_What you should do_. Once you find the line below that has "Desde este lunes", output it and every line after it exactly, stopping after the line that has "迎えた3回裏、先頭のエミっちょのサードゴロが失策を誘い無死ランナー1塁!", with no pictures.

_Task input_.
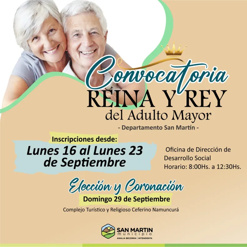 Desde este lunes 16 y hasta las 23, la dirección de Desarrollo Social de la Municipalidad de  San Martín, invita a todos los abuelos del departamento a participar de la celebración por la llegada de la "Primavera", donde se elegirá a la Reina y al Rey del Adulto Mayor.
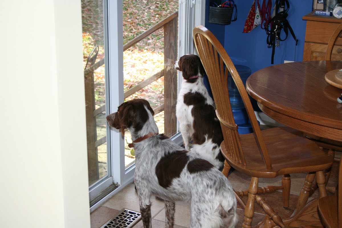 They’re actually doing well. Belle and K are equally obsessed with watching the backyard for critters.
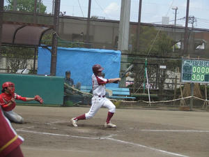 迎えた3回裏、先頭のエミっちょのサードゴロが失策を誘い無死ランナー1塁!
* * *
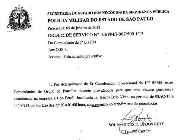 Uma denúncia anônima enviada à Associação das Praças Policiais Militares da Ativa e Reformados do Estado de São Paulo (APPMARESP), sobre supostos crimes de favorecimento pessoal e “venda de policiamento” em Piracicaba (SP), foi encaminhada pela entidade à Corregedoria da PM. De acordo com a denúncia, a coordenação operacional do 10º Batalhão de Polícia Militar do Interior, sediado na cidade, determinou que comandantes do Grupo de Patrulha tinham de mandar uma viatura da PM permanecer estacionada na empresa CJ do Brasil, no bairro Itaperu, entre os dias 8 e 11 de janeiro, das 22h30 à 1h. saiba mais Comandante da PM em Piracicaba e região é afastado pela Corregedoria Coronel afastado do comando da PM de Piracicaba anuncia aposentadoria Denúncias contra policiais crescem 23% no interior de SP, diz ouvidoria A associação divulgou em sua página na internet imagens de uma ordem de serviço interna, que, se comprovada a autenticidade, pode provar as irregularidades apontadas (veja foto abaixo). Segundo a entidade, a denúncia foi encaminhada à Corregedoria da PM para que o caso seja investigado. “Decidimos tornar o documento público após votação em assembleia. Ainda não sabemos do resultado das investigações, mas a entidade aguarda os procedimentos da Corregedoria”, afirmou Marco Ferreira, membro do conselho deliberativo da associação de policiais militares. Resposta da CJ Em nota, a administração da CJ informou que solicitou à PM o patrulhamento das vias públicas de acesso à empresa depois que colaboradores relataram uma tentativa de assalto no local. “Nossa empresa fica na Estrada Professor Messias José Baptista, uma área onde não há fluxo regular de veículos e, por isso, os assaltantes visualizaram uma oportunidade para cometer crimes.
...
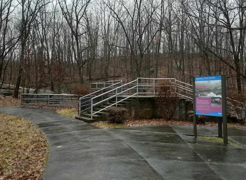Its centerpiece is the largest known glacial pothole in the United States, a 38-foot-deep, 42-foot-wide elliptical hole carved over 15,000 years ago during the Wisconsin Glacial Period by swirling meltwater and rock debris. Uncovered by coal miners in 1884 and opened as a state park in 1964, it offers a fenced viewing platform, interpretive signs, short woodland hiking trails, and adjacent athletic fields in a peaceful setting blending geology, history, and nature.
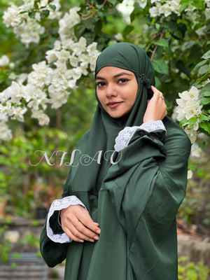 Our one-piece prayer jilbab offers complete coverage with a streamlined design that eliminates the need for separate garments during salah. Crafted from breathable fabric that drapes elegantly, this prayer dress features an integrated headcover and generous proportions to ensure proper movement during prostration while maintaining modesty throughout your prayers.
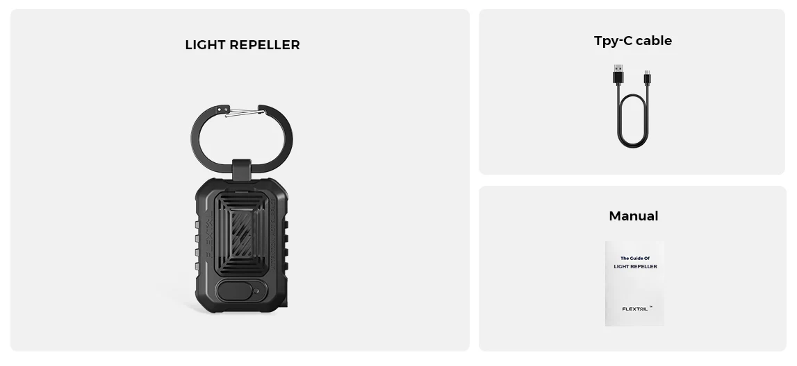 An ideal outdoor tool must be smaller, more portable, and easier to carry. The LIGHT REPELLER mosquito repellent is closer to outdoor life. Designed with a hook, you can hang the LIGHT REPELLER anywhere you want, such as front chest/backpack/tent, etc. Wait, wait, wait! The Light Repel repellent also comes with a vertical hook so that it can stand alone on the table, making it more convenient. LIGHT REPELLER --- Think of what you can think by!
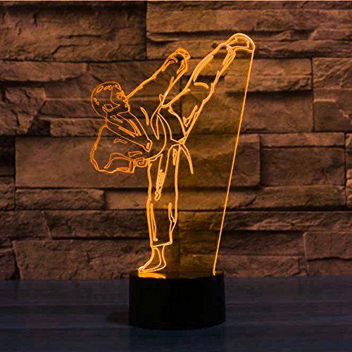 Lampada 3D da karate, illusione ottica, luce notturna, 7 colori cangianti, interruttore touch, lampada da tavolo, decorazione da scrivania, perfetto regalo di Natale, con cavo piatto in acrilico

_Answer section_.
 Desde este lunes 16 y hasta las 23, la dirección de Desarrollo Social de la Municipalidad de  San Martín, invita a todos los abuelos del departamento a participar de la celebración por la llegada de la "Primavera", donde se elegirá a la Reina y al Rey del Adulto Mayor.
 They’re actually doing well. Belle and K are equally obsessed with watching the backyard for critters.
 迎えた3回裏、先頭のエミっちょのサードゴロが失策を誘い無死ランナー1塁!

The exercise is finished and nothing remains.